## Available records
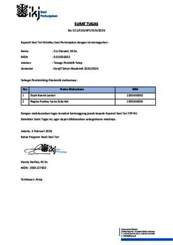 Ekawati, Ery Surat Tugas Pembimbing Akademik Semester Ganjil TA 2025-2026. Institut Kesenian Jakarta.
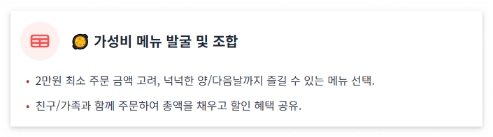 - 🥘 가성비 메뉴 발굴 및 조합:
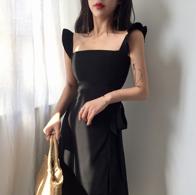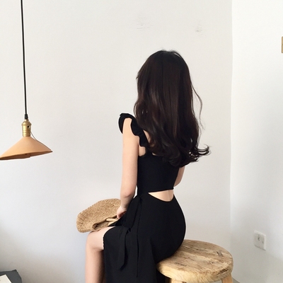 Sang trọng gió retro Hàn Quốc phiên bản của mùa hè mới hoang dã thiết kế ý nghĩa của phần dài với một khe hở trở lại cổ tích váy nữ váy vặn eo
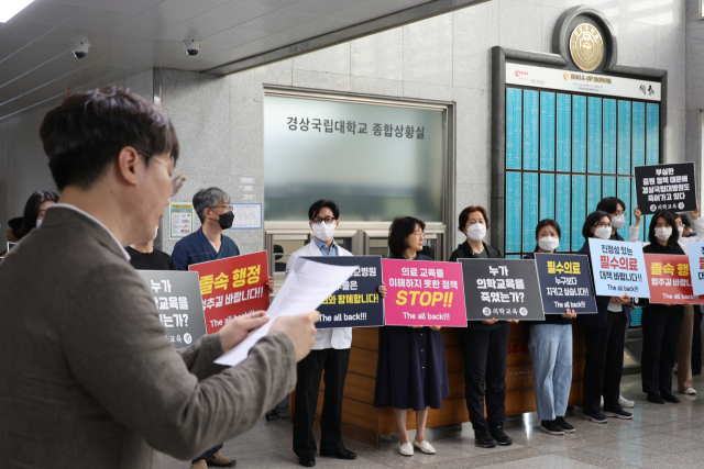 한편 이날 교수재의원회와 대학평의원회에 앞서 경상국립대 의대·병원 비상대책위원회는 가좌캠퍼스 대학본부에서 집회를 열고 정부의 의대 정원 증원 방침 철회를 요구했다.
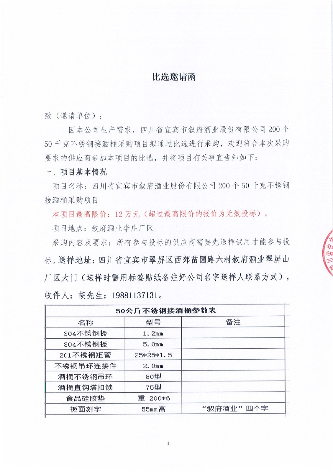 四川省宜賓市敘府酒業(yè)股份有限公司200個(gè)50千克不銹鋼接酒桶采購項(xiàng)目流標(biāo)公示公告
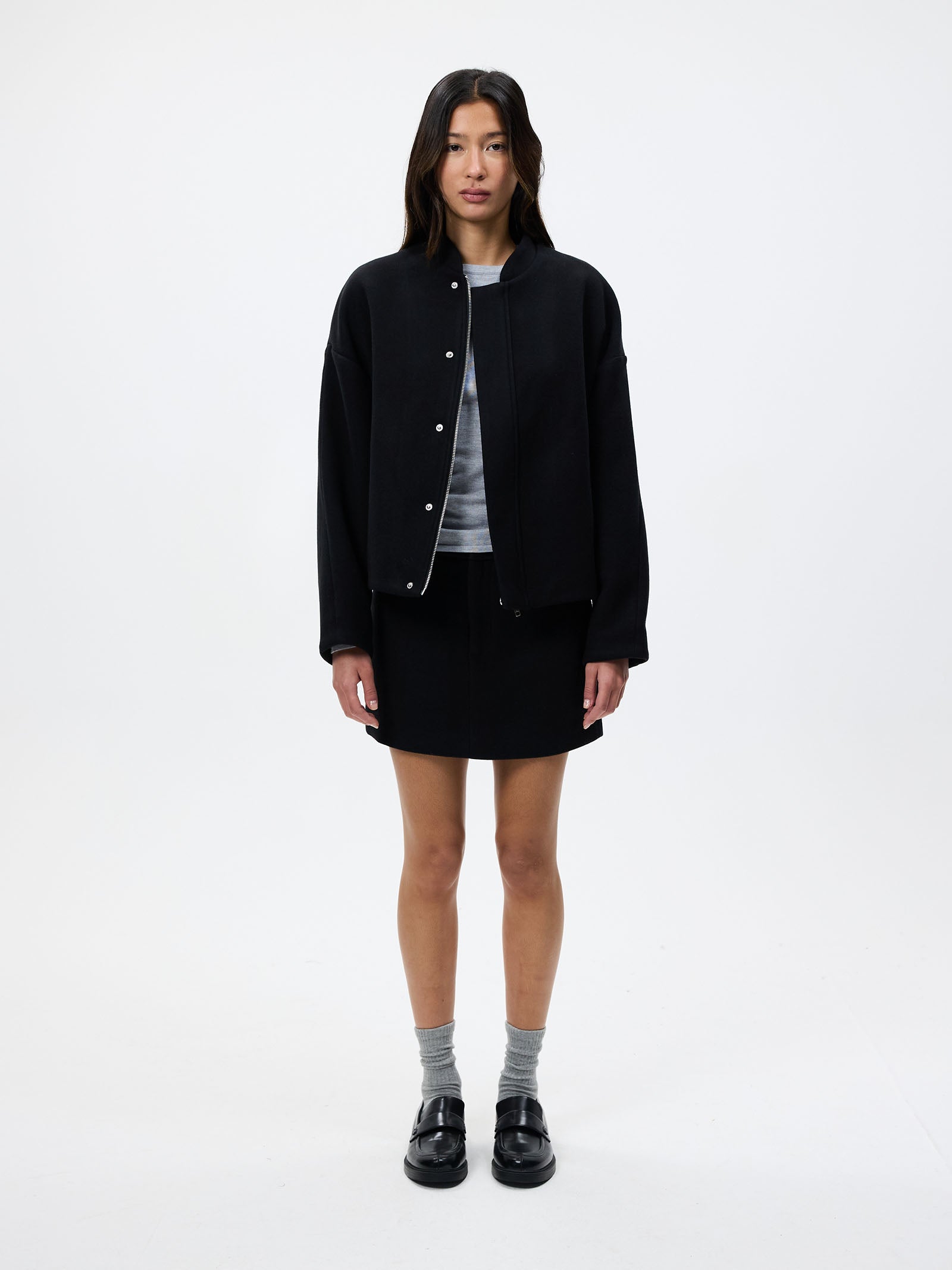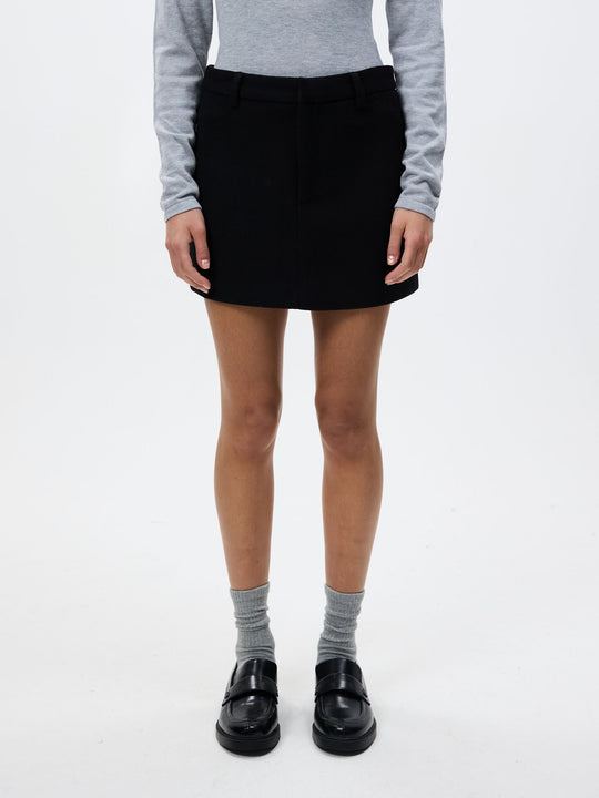 The Fitted Mini Skirt in Black by MSE offers a tailored and clean silhouette. The skirt features a structured waistband with a mid to high rise fit.
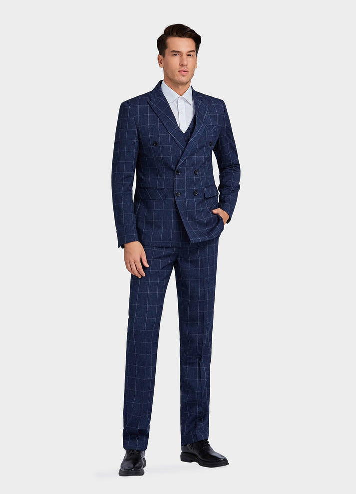 Dive into the epitome of winter wedding sophistication with Finepeek's blue checked suit, a masterpiece that seamlessly blends style and comfort. The soft checked plaid pattern adds a touch of timeless charm, making it an instant classic for any nuptials. The double-breasted fit not only exudes unparalleled elegance but also positions this suit as a must-have for those seeking a distinctive winter wedding ensemble. Perfect for events with a dress code calling for a suit, this sartorial gem truly shines, especially when paired with a roll-neck sweater for a semi-formal celebration. Embrace the season's allure and make a lasting impression with this impeccable blue checked suit that effortlessly captures the essence of winter wedding sophistication.

## Task brief
No picture is to be included when the lines from the one containing "四川省宜賓市敘府酒業(yè)" through the end of the material above are output exactly; nothing else is written.

## Response to the task
 四川省宜賓市敘府酒業(yè)股份有限公司200個(gè)50千克不銹鋼接酒桶采購項(xiàng)目流標(biāo)公示公告
 The Fitted Mini Skirt in Black by MSE offers a tailored and clean silhouette. The skirt features a structured waistband with a mid to high rise fit.
 Dive into the epitome of winter wedding sophistication with Finepeek's blue checked suit, a masterpiece that seamlessly blends style and comfort. The soft checked plaid pattern adds a touch of timeless charm, making it an instant classic for any nuptials. The double-breasted fit not only exudes unparalleled elegance but also positions this suit as a must-have for those seeking a distinctive winter wedding ensemble. Perfect for events with a dress code calling for a suit, this sartorial gem truly shines, especially when paired with a roll-neck sweater for a semi-formal celebration. Embrace the season's allure and make a lasting impression with this impeccable blue checked suit that effortlessly captures the essence of winter wedding sophistication.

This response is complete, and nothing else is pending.